For more explanation take a look here: http://www.mathpath.org/concepts/Num/numdigits.htm

Answer 2

Note your NumToStr() function in your Python code is incorrect due to an off-by-one in your base, it should be:

def NumToStr(num):
    str=''
    while num:
            str+=alpha[(num)%base]
            num=(num)/base
    return ''.join(list(reversed(str)))

Note that checking that this function returns the correct result would have found the error (for example, use alpha="0123456789").

With this fix we get the correct number of digits using the given formula:

nDigits = int(ceil(log(nmb, base)))

except for exact powers of the base (base**0, base**1, base**2, etc...) where it is exactly one less than what it should be. This can be fixed by changing the forumla slightly to:

nDigits = 1 + floor(log(nmb, base))

Note that even this seems to fail for some inputs (for example converting from base-10 to base-10 it incorrectly says 3 digits for 1000 and 6 digits for 1000000). This seems to be due to the inherent inprecision of floats, for example:

print floor(log(1000, 10))

outputs 2 instead of the expected 3.

Concerning your mention about performance, I would not worry about performance issues for such trivial code until you've done profiling/benchmarking that shows it to be an issue. For example, your "very slow" C code would only take at most 38 divisions by 10 for a 128-bit number. If you need better performance than this then you would run into the same issue with any trivial method mentioned here. Fastest thing I can think of would be a custom log() function using a combination of lookup table and linear interpolation but you would have to be careful about the resulting precision.

Answer 3

I am not sure I understand your question. When you say your initial number is in base b1, does it mean you have a representation of it as a string in base b1 ? Maybe you want to construct some table which tells you which number in base b1 correspond to b2, b2^2, b2^3, ... and then compare your number to these numbers to see where it fits.

Otherwise I would go with the algorithm you mentioned, that can easily adopted to any base.

Input : your integer x, the base b2 you want to count the digits in.
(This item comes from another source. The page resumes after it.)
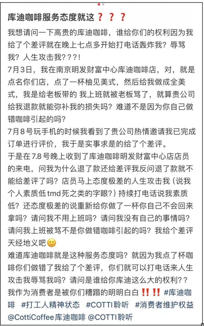 换豆子的吐槽声还没完,近日又有消费者在小红书吐槽,库迪店员做错了产品,退款解决后给了差评,却被门店电话轰炸,甚至进行人身攻击。
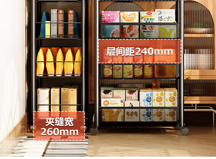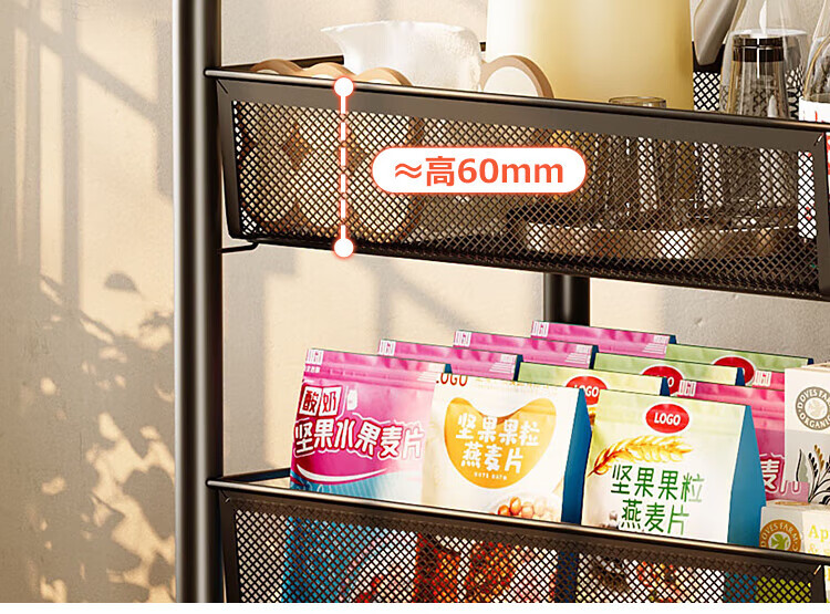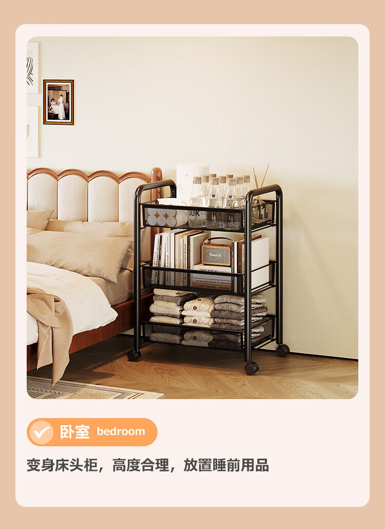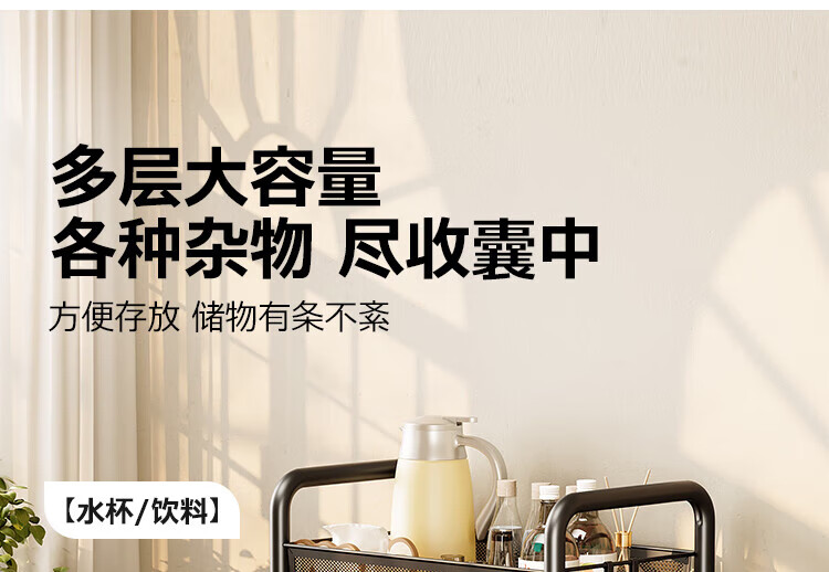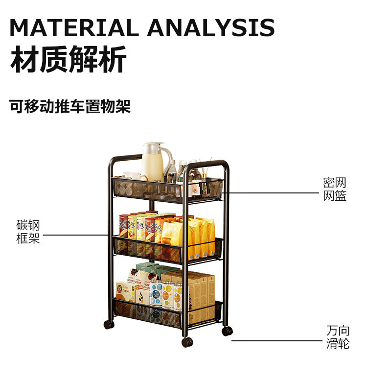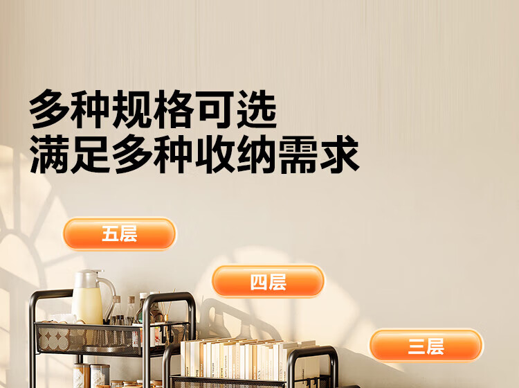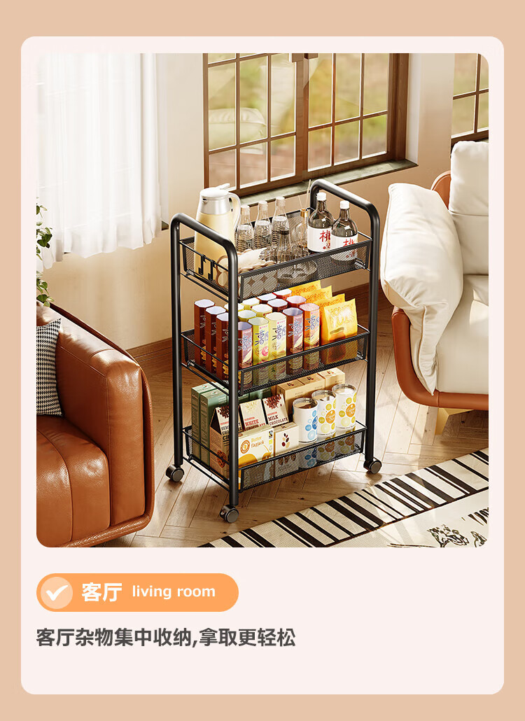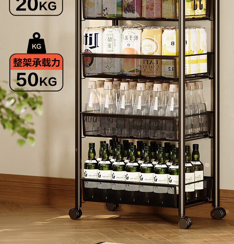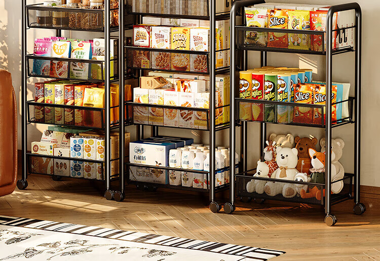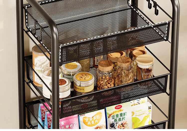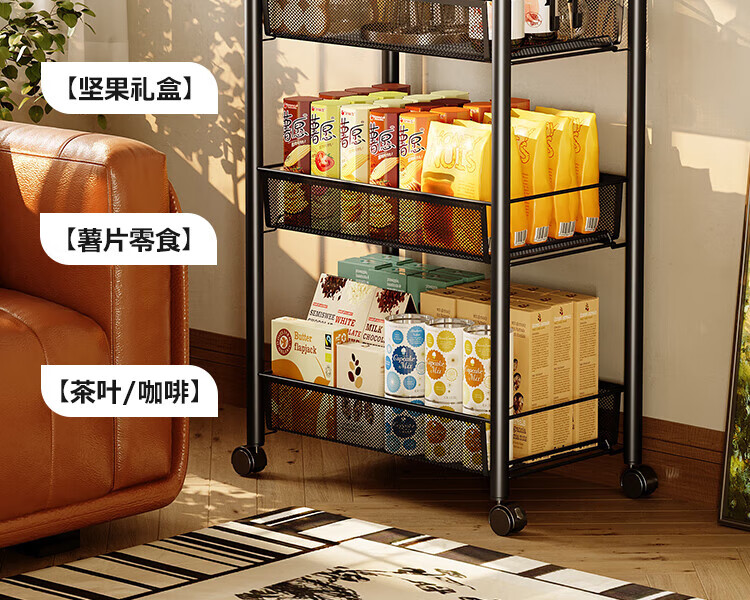 Yicai Nianhua Kitchen Storage Rack Floor-standing Storage Rack Mobile Storage Trolley Vegetable Rack Multi-layer Snack Rack 1056-BK

int number_of_digits (int x, int b2) {
    int n = 0;
    while (x >0) {
        x/=b2;
        n++;
    }
    return n;
}

Both methods are only linear in n.

EDIT : If you want to be faster, you can implement this as a binary search. Then you can get O(log(n)).

Answer 4

This problem is a little more delicate than suggested by the answer:

>>> num_digets(1000, 10)  # there are 4 digits
3
>>> [num_digets(1000**i,10)%3 for i in range(1,10)]  # these should all be 1
[0, 0, 0, 0, 0, 0, 0, 0, 0]

def ndigits(N, b):
    if b < 2:
        raise ValueError('base must be integer greater than 1')
    n = abs(N)
    if n < b:
        return 1
    if b == 2:
        return n.bit_length()
    d = math.floor(math.log10(n)/math.log10(b))
    b_ = b**d
    while b_ <= n:  # this will iterate 0, 1 or 2 times
        d += 1
        b_ *= b
    return d

>>> [ndigits(1000**i,10)%3 for i in range(1,10)]
[1, 1, 1, 1, 1, 1, 1, 1, 1]

The reason this requires extra care is that math.log(1000**i)/math.log(10) is a little smaller than the expected floating integer:

import math
>>> math.log(1000)/math.log(10)
2.9999999999999996

If you use math.log10 in base 10 it will work as expected, but then it will fail for other bases, like 125 in base 5. Here is a small set of tests for whatever formula you use:

    assert ndigits(2, 2) == 2
    assert ndigits(2**48 - 1, 2) == 48
    assert ndigits(1000, 10) == 4
    assert ndigits(125, 5) == 4
    assert ndigits(100, 16) == 2

SymPy has a function integer_log that can be used to calculate that exact value so the answer is 1 + integer_log(n, b)[0]. It is not complicated but it is slower than the direct use of math.log to do the calculation.